Information supplied section start

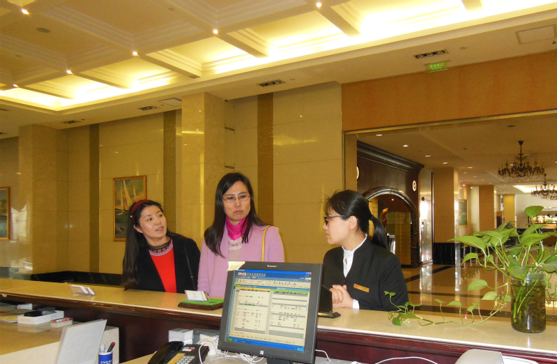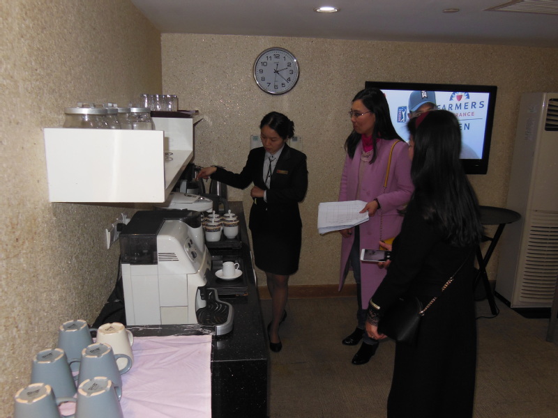向人力资源部门陶总监说明来意之后,陶总监安排餐饮部王经理和客房部祁经理带领一行人参观。在各位经理的允许下,到场的教师事无巨细,大至吧台、餐桌、衣橱、床,小至餐具、设备型号、插座数量等都一一进行询问了解。各位经理都是对酒店餐饮客房业有十多年从业经验的过来人,与专业教师就用餐礼仪餐具布置、酒店入住服务等内容展开了交流,思想火花激烈碰撞,交流许久还意犹未尽,有一种“听君一席话,胜读十年书”的收获感。经过此次参观,专业教师对如何建设好餐饮、客房、会务实训室有了更清楚的行动方向,相信在酒店的齐心协助下,学校能利用有效的实训环境模拟酒店服务场景,培养出更符合酒店服务需要的知识与技能兼备人才,力创双赢局面。
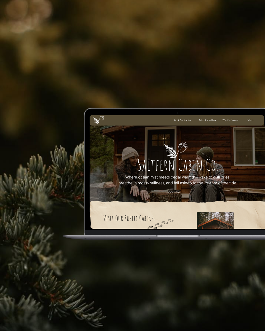 Saltfern Cabin Co. is the brand child of crackling fires, misty woods, and boots that track in a bit of earth. Inspired by a tiny town in Washington where the cedar scent hangs in the air, I built this brand to feel like a handwritten note from the forest: friendly, nostalgic, and a little adventurous. The target guests are couples seeking slow weekends, families wanting unplugged memory-making, and Pacific Northwest wanderers who crave cabins over hotels, texture over polish, and warmth over sterile minimalism.
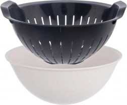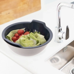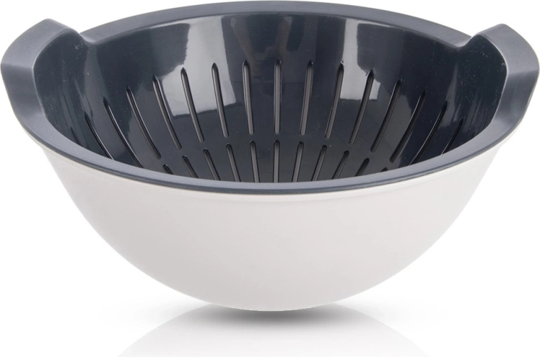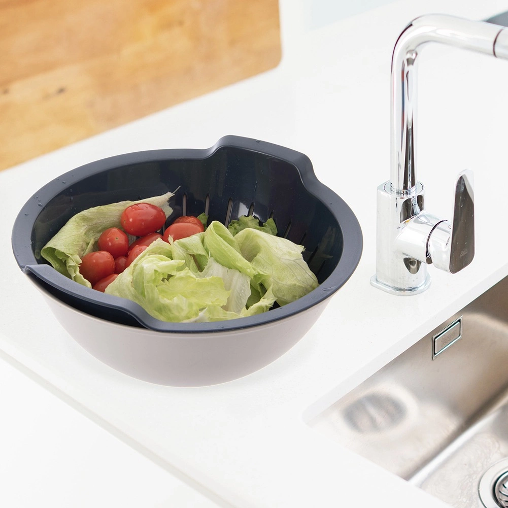 Ambele piese pot fi folosite împreună sau separat: strecurătoarea pentru scurgerea pastelor, cartofilor sau clătirea salatelor și fructelor, bolul pentru amestecarea aluatului de clătite, pregătirea salatelor sau servire. Materialul fără BPA este rezistent până la +95 °C, se curăță ușor în mașina de spălat vase, iar bolul este potrivit și pentru microunde.
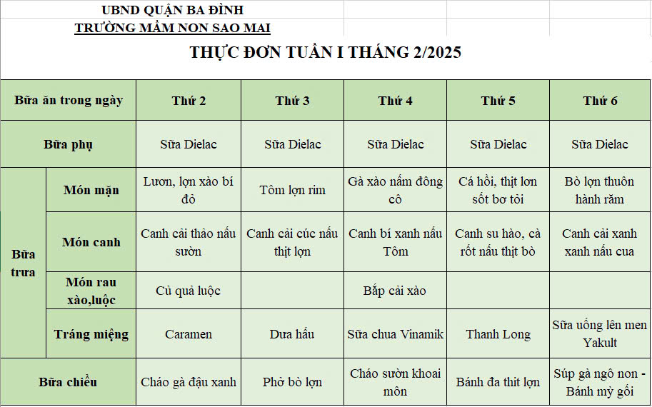 Thực đơn cho trẻ tuần I tháng 12/2025

Information supplied section end

_Work instruction_
All that is needed is the span from the line with "Saltfern Cabin Co." through the last line of the material above, reproduced exactly and free of pictures.

_Response to the task_
 Saltfern Cabin Co. is the brand child of crackling fires, misty woods, and boots that track in a bit of earth. Inspired by a tiny town in Washington where the cedar scent hangs in the air, I built this brand to feel like a handwritten note from the forest: friendly, nostalgic, and a little adventurous. The target guests are couples seeking slow weekends, families wanting unplugged memory-making, and Pacific Northwest wanderers who crave cabins over hotels, texture over polish, and warmth over sterile minimalism.
 Ambele piese pot fi folosite împreună sau separat: strecurătoarea pentru scurgerea pastelor, cartofilor sau clătirea salatelor și fructelor, bolul pentru amestecarea aluatului de clătite, pregătirea salatelor sau servire. Materialul fără BPA este rezistent până la +95 °C, se curăță ușor în mașina de spălat vase, iar bolul este potrivit și pentru microunde.
 Thực đơn cho trẻ tuần I tháng 12/2025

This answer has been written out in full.